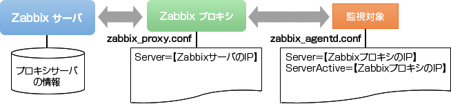 zabbix_proxy.confとzabbix_agentd.confの設定を再度振り返っておきますが、それぞれの設定は以下の図のような関係になることにご注意ください。
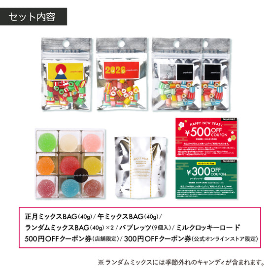 【内容量】正月ミックス:1袋午年ミックス:1袋ランダムミックス:2袋バブレッツ:9粒ミニミルクロッキーロード:1袋500円OFFクーポン:1枚
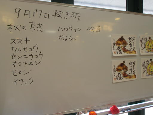 「秋の草花」「ハロウィンかぼちゃ」「松茸」を描きました。
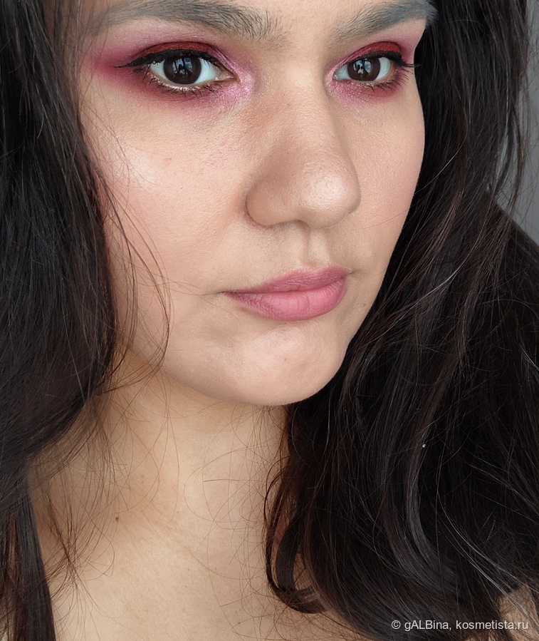 В этот раз я уже учла, что у меня не получится красный макияж, если добавлю чёрный, поэтому использовала в тушевке: crimson sky и bloody rose, на глазах пигмент Tammy Tanuka «Шатенка»:
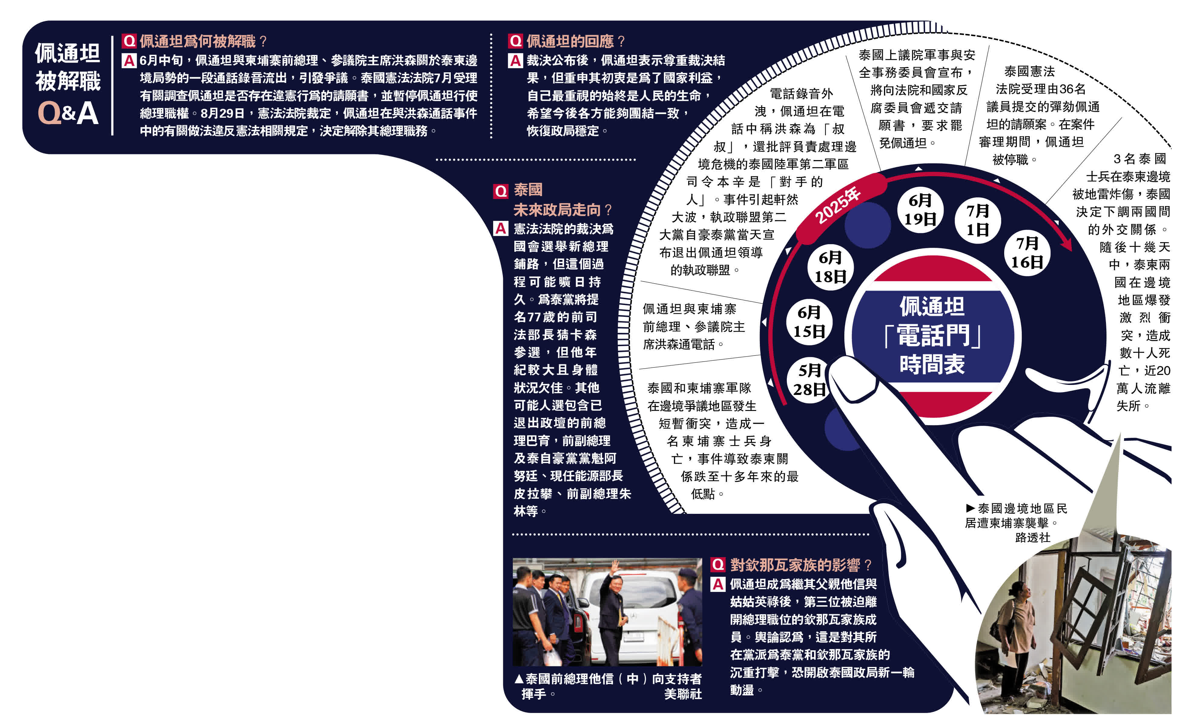 大公報報道,泰國憲法法院29日裁定,被停職總理佩通坦違反憲法相關規定,立即解除其總理職務。上任僅一年的佩通坦成為17年來第五位被憲法法院罷免的泰國總理。分析指,當前在泰國國會下議院中僅佔微弱多數的執政聯盟缺乏突出人選,或將經歷多輪投票方能選出新總理,泰國政局恐持續動盪。
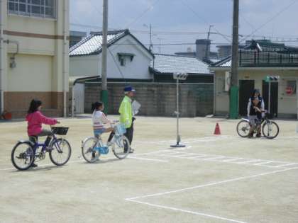 2〜4年生を対象に交通安全教室が開かれました。今回は、特に自転車の安全な乗り方について学習しました。指導者は、上京警察署と上京区交通安全推進委員の方々です。
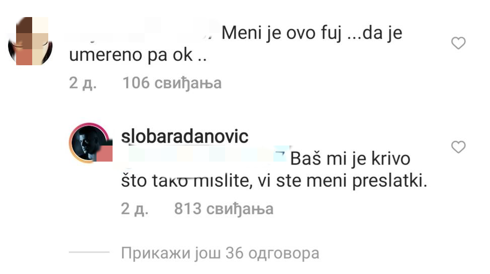 – Meni je ovo fuj… da je umereno, pa ok – napisala je jedna od Slobinih pratiteljki, a onda je usledio i pevačev odgovor.
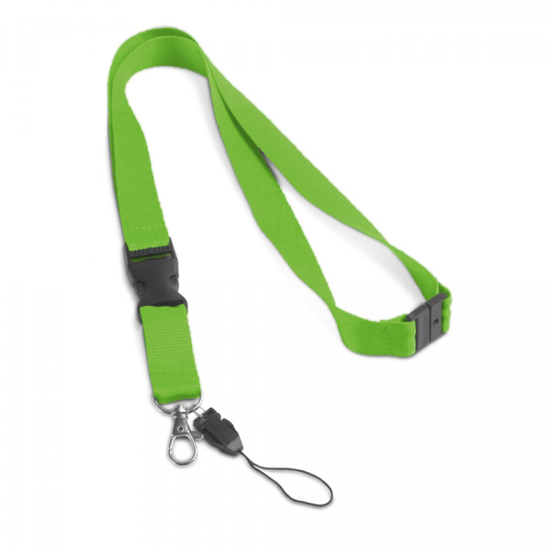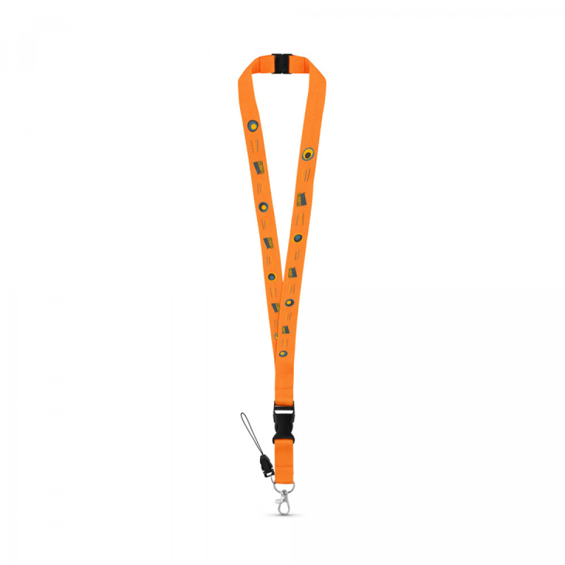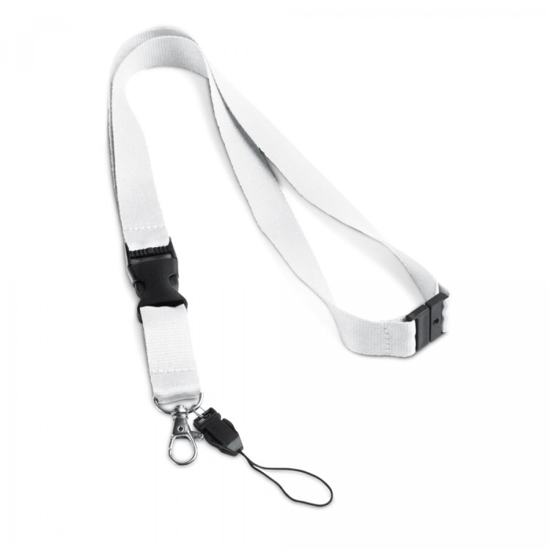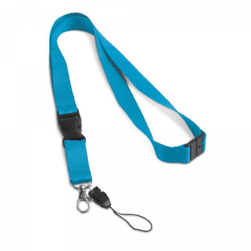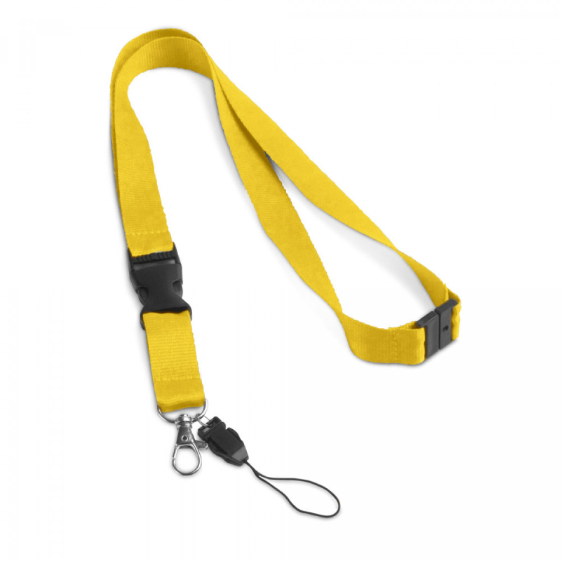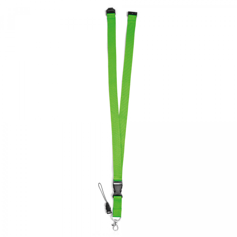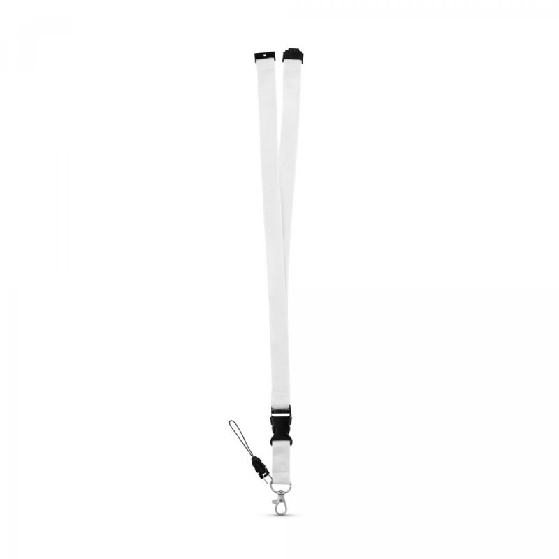 Polyesterová šňůrka s kovovou karabinou, odnímatelnou přezkou, popruhem na mobilní telefon a bezpečnostním zámkem. 20 x 510 mm

-- What needs to be done --
Output the records above unchanged, minus their pictures.

-- Answer below --
 zabbix_proxy.confとzabbix_agentd.confの設定を再度振り返っておきますが、それぞれの設定は以下の図のような関係になることにご注意ください。
 【内容量】正月ミックス:1袋午年ミックス:1袋ランダムミックス:2袋バブレッツ:9粒ミニミルクロッキーロード:1袋500円OFFクーポン:1枚
 「秋の草花」「ハロウィンかぼちゃ」「松茸」を描きました。
 В этот раз я уже учла, что у меня не получится красный макияж, если добавлю чёрный, поэтому использовала в тушевке: crimson sky и bloody rose, на глазах пигмент Tammy Tanuka «Шатенка»:
 大公報報道,泰國憲法法院29日裁定,被停職總理佩通坦違反憲法相關規定,立即解除其總理職務。上任僅一年的佩通坦成為17年來第五位被憲法法院罷免的泰國總理。分析指,當前在泰國國會下議院中僅佔微弱多數的執政聯盟缺乏突出人選,或將經歷多輪投票方能選出新總理,泰國政局恐持續動盪。
 2〜4年生を対象に交通安全教室が開かれました。今回は、特に自転車の安全な乗り方について学習しました。指導者は、上京警察署と上京区交通安全推進委員の方々です。
 – Meni je ovo fuj… da je umereno, pa ok – napisala je jedna od Slobinih pratiteljki, a onda je usledio i pevačev odgovor.
 Polyesterová šňůrka s kovovou karabinou, odnímatelnou přezkou, popruhem na mobilní telefon a bezpečnostním zámkem. 20 x 510 mm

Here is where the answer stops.